For this exercise, copy exactly the lines below from the one with "CeCe Clip Dot" through the one with "tu-hacci Shorts Collection" and leave out the pictures.

____

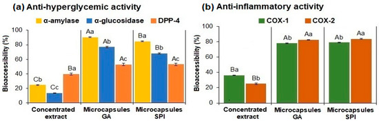 Bioaccessibility of anti-hyperglycemic activity (α-amylase, α-glucosidase, DPP-4) and anti-inflammatory activity (COX-1, COX-2) in the concentrated extract and microcapsules (GA, SPI) are shown in Figure 6a,b. In vitro bioaccessibility of both biological activities was determined only at the end of the digestion process, referring to the initial inhibitory capacity before digestion.
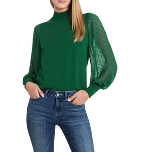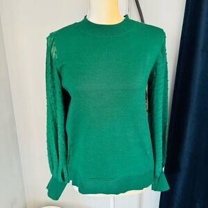CeCe Clip Dot Sleeve Sweater, Holiday Christmas Party Top, Green, Size Small NWT
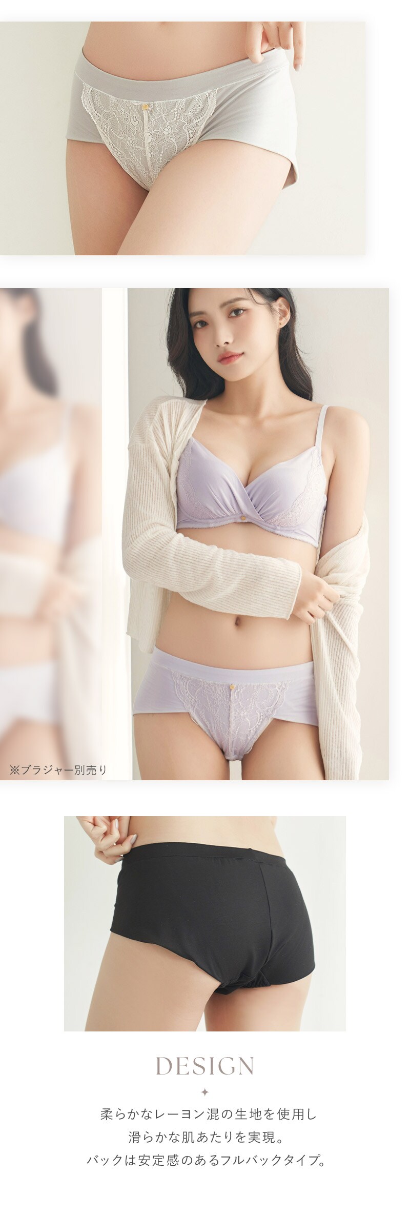 tu-hacci Shorts Collection ショーツ単品 痛くない脇高谷間ブラ ~Leene(リーネ)シリーズ~ シルクのように上品ななめらかさで、毎日にときめきを添える シルキーヴェールショーツ 天然由来のレーヨン混生地で、柔らかくなめらかな履き心地のフルバックショーツ。 フロントには繊細なレースとゴールドプレートを添え、上品で女性らしい印象に。 バックはシンプルな仕様で、服に響きにくいライン設計。 足口は鼠径部を締め付けないリンパゆったり型。 ストレスフリーな履き心地は、Vラインの黒ずみ対策にもおすすめ。 毎日を、もっと軽やかに、美しく。 |
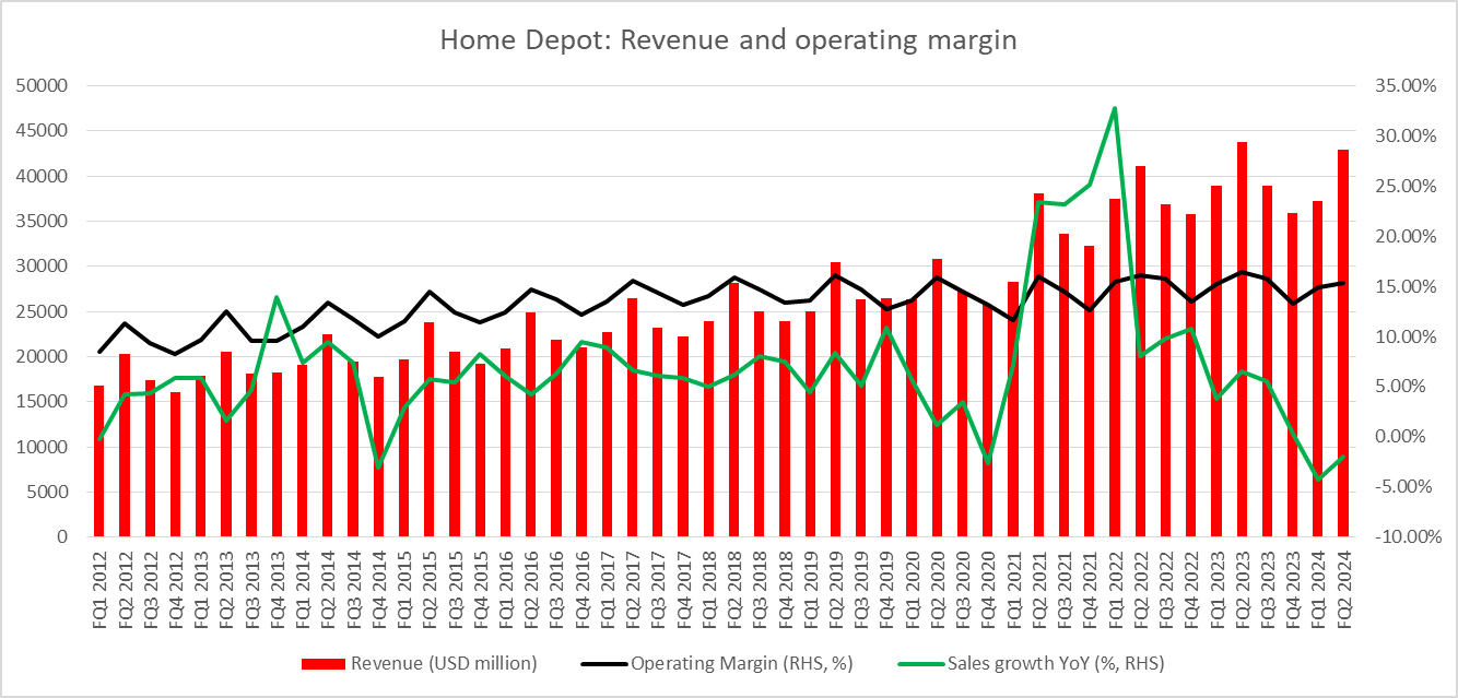 Home Depot est confronté à un ralentissement de la croissance de ses ventes depuis que le boom post-pandémie des ventes de produits d'amélioration de l'habitat s'est estompé. L'entreprise a même connu une croissance négative de ses ventes au cours des derniers trimestres. Les dernières données pour l'exercice T2 2024 (mai-juillet 2023) montrent une baisse du chiffre d'affaires de 2,0% en glissement annuel. Bien qu'il s'agisse d'une amélioration par rapport à la baisse de 4,2% en glissement annuel enregistrée au premier trimestre de l'exercice 2024, il s'agit également d'une source d'inquiétude car le deuxième trimestre de l'exercice est saisonnièrement le meilleur pour l'entreprise.
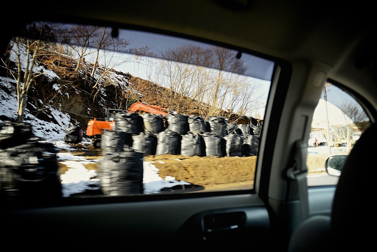 In Iitate we discover the mountains of contaminated earth in their black bag. Everywhere. Homeowners have to keep their nuclear waste for 30 years, on their property, in plastic bags, that won't last 10 years. I'm not sure I understood the decision chaos that led to this decision.
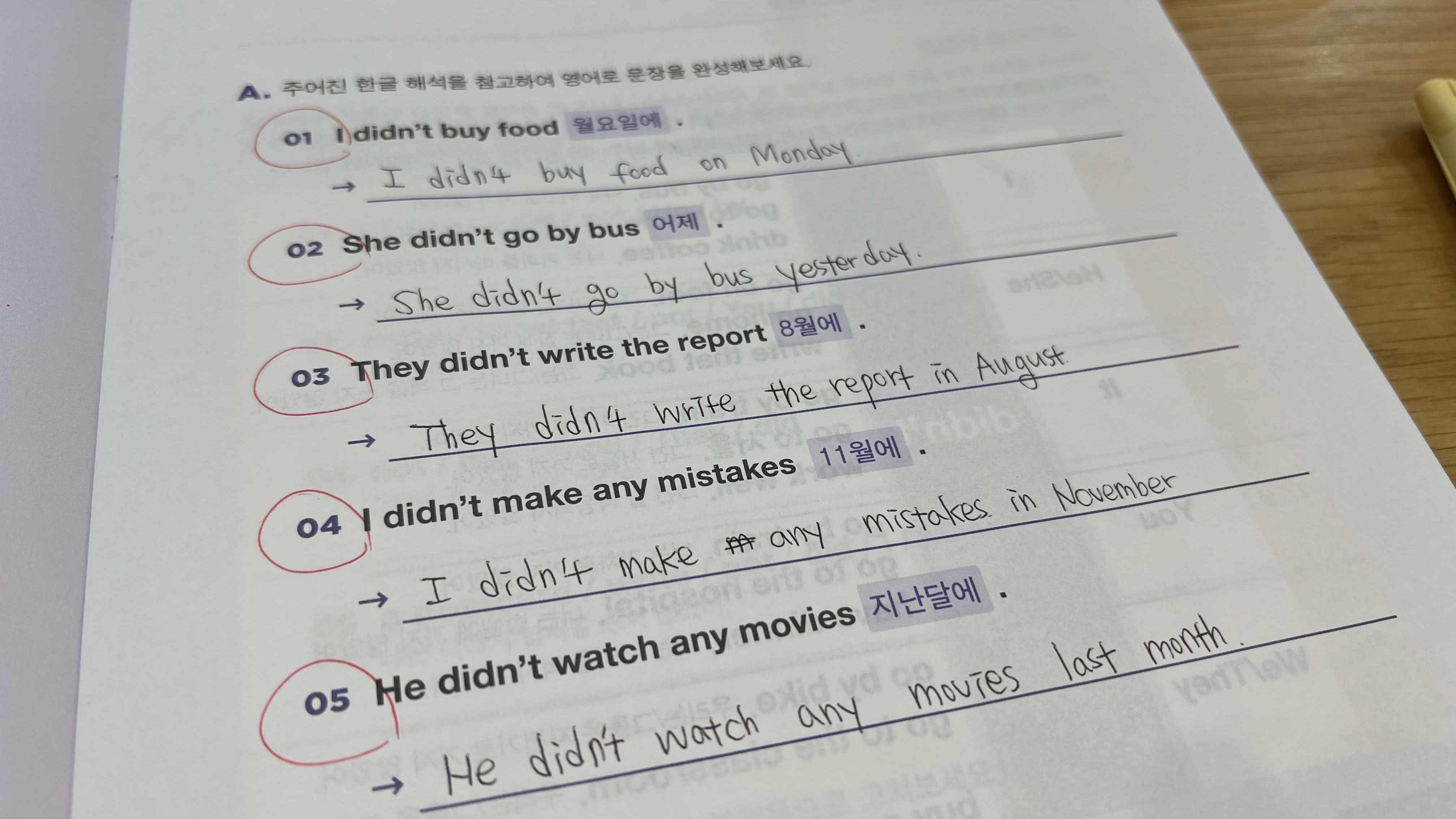 과거시제 부정문은 '~했어' 하는 일반 과거시제 문장 만큼이나 많이, 자주 사용하는 표현이다. 이번 주차 교재도 문제를 풀면서 모든 문장을 따라 읽어보고 자연스럽게 회화로 이어질 수 있도록 신경을 많이 썼다. 효과가 있을지는 잘 모르겠지만... 그래도 안 하는 것보다는 낫겠지... 라는 믿음으로...!

____

## Completed task
CeCe Clip Dot Sleeve Sweater, Holiday Christmas Party Top, Green, Size Small NWT
 tu-hacci Shorts Collection ショーツ単品 痛くない脇高谷間ブラ ~Leene(リーネ)シリーズ~ シルクのように上品ななめらかさで、毎日にときめきを添える シルキーヴェールショーツ 天然由来のレーヨン混生地で、柔らかくなめらかな履き心地のフルバックショーツ。 フロントには繊細なレースとゴールドプレートを添え、上品で女性らしい印象に。 バックはシンプルな仕様で、服に響きにくいライン設計。 足口は鼠径部を締め付けないリンパゆったり型。 ストレスフリーな履き心地は、Vラインの黒ずみ対策にもおすすめ。 毎日を、もっと軽やかに、美しく。 |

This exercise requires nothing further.